Ну, например, теорию «фиктивных эротических тел авторства», которые по мнению московского литературного критика Ильи Кукулина в обилии характерны для поколения 90-х годов в русской поэзии. Что это за новые литературные «зубастики»? Это своеобразный вариант создания литературно-поэтических полуфантомов, сложно взаимодействующих с авторским сознанием и способствующих решению трудноразрешимых для каждодневного авторского «Я» творческих задач.
Проще говоря, современная, не ограниченная особой морализаторской цензурой литература является вполне удобной площадкой для разнообразных экспериментов по «перетягиванию полов», по воплощению невозможного и нахальной апробации авторами совершенно невероятных в обыденной жизни социокультурных моделей. Женщиной-женщиной в поэзии мало кого удивишь. То ли дело женщина-он, женщина-оно – уже интригует. Впрочем, дело во всей его полноте не стоило бы сводить к механическому обеспечению авторами банальной литературной интриги…

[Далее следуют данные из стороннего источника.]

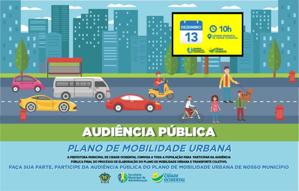 A Prefeitura Municipal de Cidade Ocidental, através da Secretaria Municipal de Administração convida a todos para participar da Audiência Pública final do processo de elaboração do Plano de Mobilidade Urbana e Transporte Coletivo, que será no dia 13 de dezembro às 10h na Câmara Municipal de Cidade Ocidental.
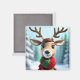 Escena de invierno con un lindo reno vistiendo una bufanda.

Умножение подобных аномалий в русскоязычной литературе Александр Скидан во многом связывает с плеядой «молодых разгневанных женщин», к которым относит, в частности, знакомую мне по прошлогоднему Волошинскому фестивалю Наталью Ключареву из Ярославля. Не знаю, не знаю. В обыденной жизни приписанная «монструозность», «химеричность» сознания для Ключаревой нисколько не характерна. Слава Богу, Ключарева – еще и талантливый прозаик и ее проза вполне готова пролить свет на инкриминируемые ей смелые поэтические аномалии.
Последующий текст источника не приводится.